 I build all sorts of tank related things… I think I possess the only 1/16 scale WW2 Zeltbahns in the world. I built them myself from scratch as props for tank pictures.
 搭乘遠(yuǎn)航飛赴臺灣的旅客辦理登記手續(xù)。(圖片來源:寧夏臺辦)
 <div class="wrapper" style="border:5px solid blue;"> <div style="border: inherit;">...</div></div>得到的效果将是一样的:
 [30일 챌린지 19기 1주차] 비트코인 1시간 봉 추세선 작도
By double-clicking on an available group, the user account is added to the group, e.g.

==========

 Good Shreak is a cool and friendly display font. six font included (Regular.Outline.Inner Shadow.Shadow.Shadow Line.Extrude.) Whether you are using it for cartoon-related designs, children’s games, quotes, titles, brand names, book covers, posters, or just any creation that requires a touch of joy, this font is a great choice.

==========

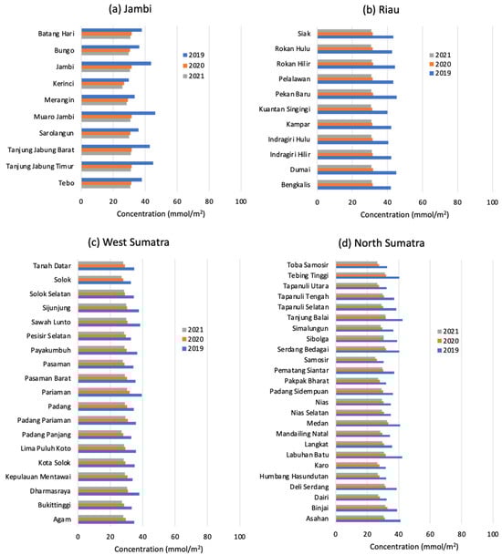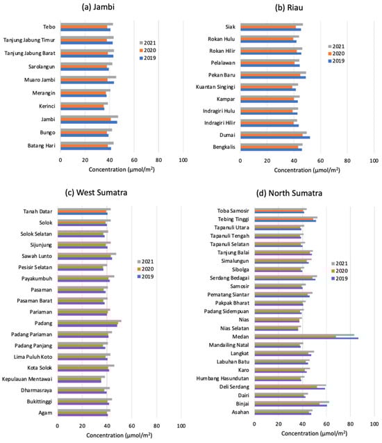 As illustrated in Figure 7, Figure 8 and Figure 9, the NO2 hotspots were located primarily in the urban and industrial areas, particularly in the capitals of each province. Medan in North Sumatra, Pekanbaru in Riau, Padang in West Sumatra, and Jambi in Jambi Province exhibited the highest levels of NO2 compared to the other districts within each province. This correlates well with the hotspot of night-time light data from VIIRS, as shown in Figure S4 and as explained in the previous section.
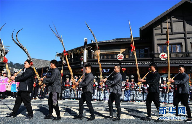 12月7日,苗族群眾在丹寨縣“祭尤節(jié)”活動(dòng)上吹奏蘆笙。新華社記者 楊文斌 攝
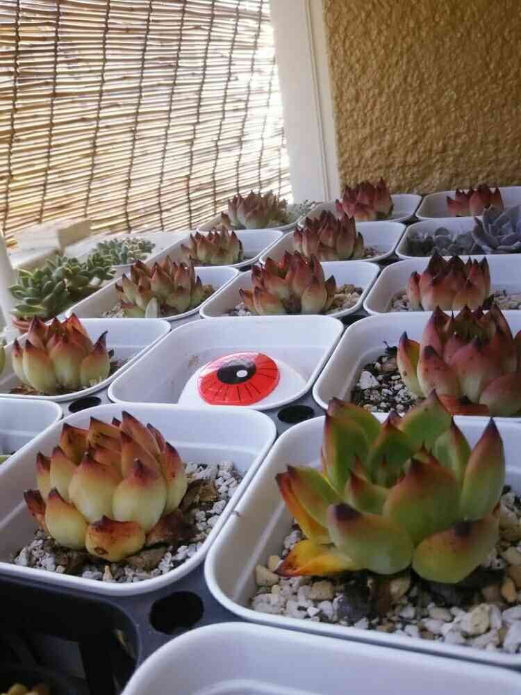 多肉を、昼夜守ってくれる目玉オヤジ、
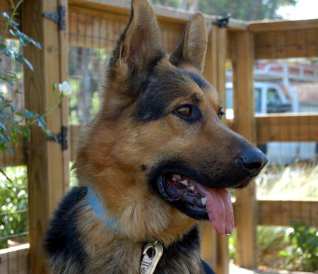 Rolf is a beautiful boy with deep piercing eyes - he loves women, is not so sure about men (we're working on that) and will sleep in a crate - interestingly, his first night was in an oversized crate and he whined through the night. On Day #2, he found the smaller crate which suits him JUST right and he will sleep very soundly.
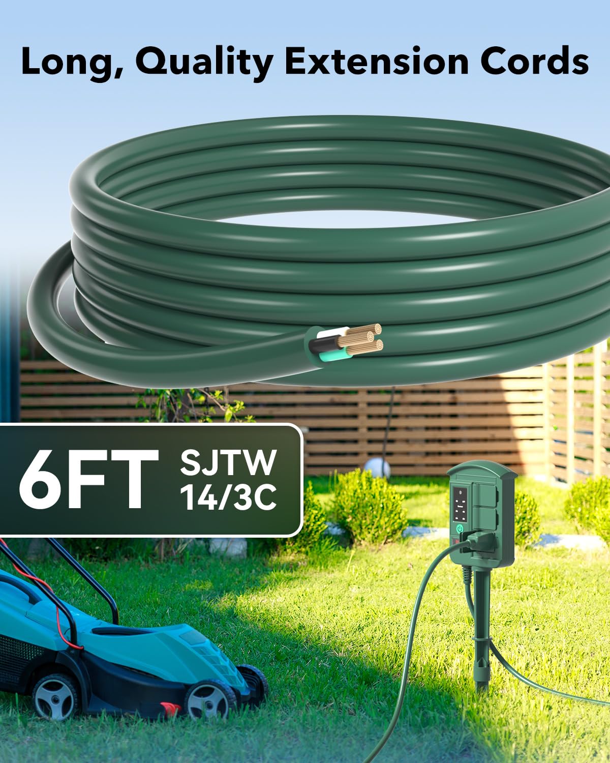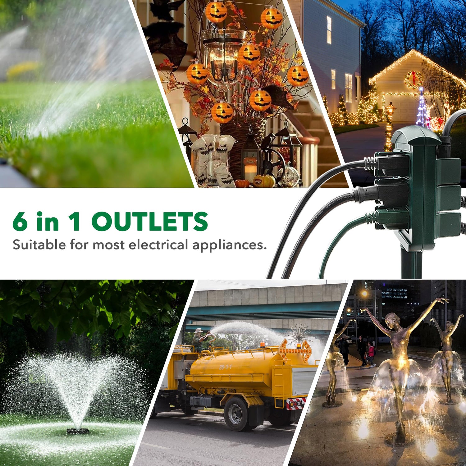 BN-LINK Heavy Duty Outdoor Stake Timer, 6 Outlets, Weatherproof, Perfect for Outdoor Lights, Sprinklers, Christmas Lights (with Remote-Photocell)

==========

--- EXERCISE ---
Going down the listing above, begin printing at the line with "I build all" and finish with the line with "By double-clicking on", exactly as they appear.

--- RESPONSE AREA ---
 I build all sorts of tank related things… I think I possess the only 1/16 scale WW2 Zeltbahns in the world. I built them myself from scratch as props for tank pictures.
 搭乘遠(yuǎn)航飛赴臺灣的旅客辦理登記手續(xù)。(圖片來源:寧夏臺辦)
 <div class="wrapper" style="border:5px solid blue;"> <div style="border: inherit;">...</div></div>得到的效果将是一样的:
 [30일 챌린지 19기 1주차] 비트코인 1시간 봉 추세선 작도
By double-clicking on an available group, the user account is added to the group, e.g.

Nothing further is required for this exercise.